4. What is pπ-pπ backbonding in BCl₃?
Boron in BCl₃ has an empty 2p orbital (only 6 electrons around B — incomplete octet). The Cl atoms have lone pairs in their 3p orbitals. The Cl lone pair donates into the empty B 2p orbital → pπ-pπ backbonding. This gives BCl₃ partial double bond character (B-Cl bond order slightly > 1). Effect: BCl₃ is trigonal planar (not pyramidal), and Cl lone pairs are delocalised → less electron density on Cl → Cl is less "available" to bridge between two B atoms → BCl₃ remains monomeric. AlCl₃ has weaker backbonding (3p→3p less effective) → Al remains Lewis acidic → dimerizes.
5. What is the structure of Al₂Cl₆?
Al₂Cl₆ (aluminium chloride dimer): two AlCl₃ units sharing two bridging Cl atoms. Structure: each Al has 4 Cl ligands (2 terminal + 2 bridging). Both Al atoms become tetrahedral. The bridging Cl atoms donate lone pairs to the adjacent Al atom → coordinate/dative bonds. In Al₂Cl₆: Al-Cl-Al bridge bonds are longer/weaker than terminal Al-Cl bonds. At high temperature (~400°C), Al₂Cl₆ dissociates to monomeric AlCl₃. In aqueous solution, Al³⁺ exists as [Al(H₂O)₆]³⁺. AlCl₃ is widely used as Lewis acid catalyst in Friedel-Crafts reactions.

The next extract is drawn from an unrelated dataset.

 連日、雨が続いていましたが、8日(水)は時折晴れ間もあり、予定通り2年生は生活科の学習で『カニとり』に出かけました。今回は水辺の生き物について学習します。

6. What is the oxidation state of S in thiosulphate (S₂O₃²⁻)?
Thiosulphate ion S₂O₃²⁻: 2x + 3(−2) = −2 → 2x = 4 → x = +2. But this is an average! The two S atoms are NOT equivalent: one S is at +5 (central S bonded to 3 O) and one is at −1 (terminal S, like in sulphide). Average = (+5 + (−1))/2 = +2. This is called a "mean oxidation state." Similarly in S₄O₆²⁻ (tetrathionate): average S = +2.5, but individual S atoms have different oxidation states. This concept of non-equivalent atoms in a molecule having different oxidation states is important in NEET.

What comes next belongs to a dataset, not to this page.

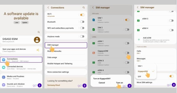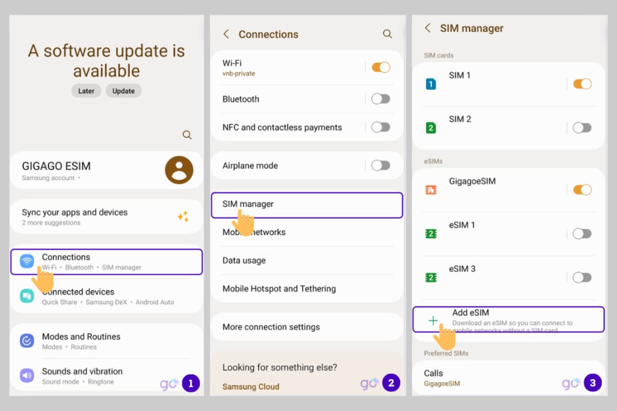 Các bước cài đặt eSIM trên Samsung – bước 1, 2, 3

7. Which element shows maximum number of oxidation states and why?
Manganese (Mn, Z=25) shows the maximum number of oxidation states: +1 to +7 (and 0, −1 in some carbonyls). This is because Mn ([Ar]3d⁵4s²) can use all 7 valence electrons (5 in 3d + 2 in 4s) → maximum is +7 (in KMnO₄, MnO₄⁻). Among non-metals: Cl shows −1, 0, +1, +3, +5, +7 (6 states). Among p-block: S shows −2, 0, +2, +4, +6 (5 states). The more valence electrons and available d orbitals an element has, the more oxidation states it can display.
8. Why is carbon unique among all elements for forming life?

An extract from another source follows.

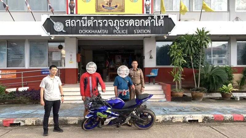 ต่อมา เจ้าหน้าที่ตำรวจ สภ.ดอกคำใต้ ร่วมกับกองกำกับการสืบสวนตำรวจภูธรจังหวัดพะเยา ลงพื้นที่สืบสวนจนสามารถระบุตัวผู้ก่อเหตุได้คือ นายเอ (นามสมมติ) ผู้ขับขี่ และนายบี (นามสมมติ) ผู้ซ้อนท้าย ล่าสุด วันที่ 1 ตุลาคม 2568 เวลาประมาณ 14.00 น. ทั้งสองได้เดินทางเข้าพบพนักงานสอบสวน สภ.ดอกคำใต้ โดยรับสารภาพว่าเป็นบุคคลตามภาพจากกล้องวงจรปิด และยอมรับว่าได้ก่อเหตุจริง ทำไปเพราะคึกคะนอง

Carbon's uniqueness for life: (1) Strong, stable C-C bonds → long chains possible (polymers, proteins, DNA). (2) Forms C-H, C-O, C-N, C-S bonds → diverse functional groups. (3) Tetravalent → 3D structures possible (diamond, proteins). (4) Forms single, double, triple bonds → alkanes, alkenes, alkynes, aromatics. (5) Moderate reactivity — C-C bonds don't hydrolyse in water (unlike Si-O-Si). (6) Small atomic size → excellent orbital overlap → strong bonds. Silicon is often called the "next best" but Si-O bonds are very strong (hydrolysed easily) making long chains difficult in aqueous environments.